Discussion Zen 5 Speculation (EPYC Turin and Strix Point/Granite Ridge - Ryzen 9000)

Page 60 - Seeking answers? Join the AnandTech community: where nearly half-a-million members share solutions and discuss the latest tech.

BorisTheBlade82

Senior member
May 1, 2020
708
1,130
136
I wonder if there is a way to retrofit AM5 socket to move to the Mi300 approach on the client side. Maybe it is not worth it, and maybe AMD will offer alternative to AM5 socket sometimes between Zen 5 and Zen 6. The Strix Halo may potentially be the harbinger of this.
Do you mean the RAM approach or the packaging?
Regarding packaging: Maybe I am oversimplifying things, but anything that happens "above the pins" should be socket agnostic, as long as the socket provides enough signal and power traces as well as enough surface area. So I see no reason, why they should not be able to change the packaging on AM5.
Regarding memory: I expect them to go the Apple route for future mobile SoCs and that is what we hear already. And yes, that won't work for the current socket IMHO. But that's only a problem for OEMs and not so much for customers.
 
Last edited:

Joe NYC

Diamond Member
Jun 26, 2021
3,647
5,186
136
Do you mean the RAM approach or the packaging?
Regarding packaging: Maybe I am oversimplifying things, but anything that happens "above the pins" should be socket agnostic, as long as the socket provides enough singnal and power traces as well as enough surface area. So I see no reason, why they should not be able to change the packaging on AM5.
Regarding memory: I expect them to go the Apple route for future mobile SoCs and that is what we hear already. And yes, that won't work for the current socket IMHO. But that's only a problem for OEMs and not so much for customers.

The rumor has it that Mi300 does not have any local motherboard memory. Only on package HBM memory and CXL links for more external memory.

Remember when Lisa Su said that the package would be the new motherboard? The biggest part of this is to eliminate memory from the motherboard and move it to the package.

Apple client computers have made this move, without suffering any adverse effects. The ability of OEMs to pair AMD CPUs with garbage memory is only to AMD's determent, so having fast enough memory inside the package would be to AMD's benefit.

The memory can be LPDDR5 at the outset, for lowest cost, biggest bang for the buck, and later possibly HBM memory.

So, hopefully, AMD is already planning on this approach for the future generations. We will see if Strix Halo (as was leaked by MLID) will have this sort of socket, or if it is only a notebook chip.
 

BorisTheBlade82

Senior member
May 1, 2020
708
1,130
136
The rumor has it that Mi300 does not have any local motherboard memory. Only on package HBM memory and CXL links for more external memory.

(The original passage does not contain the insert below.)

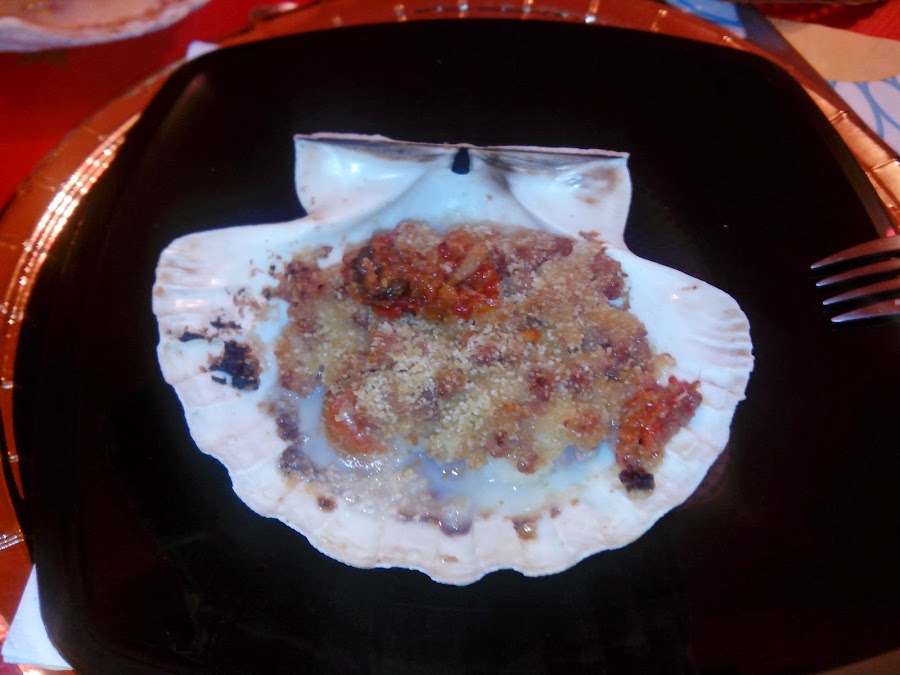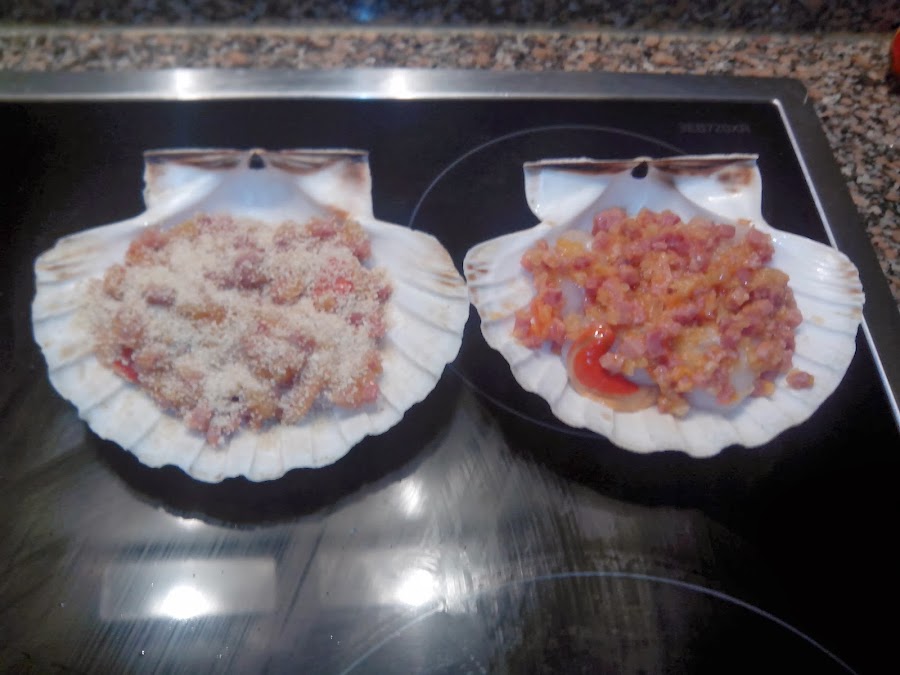 Abrimos y limpiamos las vieiras y les añadimos una cucharada del mejunje, las cubrimos con pan rallado y las metemos en el horno a gratinar. Cuando estén doradas las retiramos del horno y listo para comer.

Remember when Lisa Su said that the package would be the new motherboard? The biggest part of this is to eliminate memory from the motherboard and move it to the package.

Apple client computers have made this move, without suffering any adverse effects. The ability of OEMs to pair AMD CPUs with garbage memory is only to AMD's determent, so having fast enough memory inside the package would be to AMD's benefit.

The memory can be LPDDR5 at the outset, for lowest cost, biggest bang for the buck, and later possibly HBM memory.

So, hopefully, AMD is already planning on this approach for the future generations. We will see if Strix Halo (as was leaked by MLID) will have this sort of socket, or if it is only a notebook chip.
Yep, exactly my line of thinking.
And yes, it has the theoretical drawback of not being able to upgrade RAM - but IMHO for low power devices this has already been dead in the water for a couple of years.
 
  • Like
Reactions: Tlh97 and Joe NYC

Tuna-Fish

Golden Member
Mar 4, 2011
1,667
2,532
136
That seems like the most logical progression.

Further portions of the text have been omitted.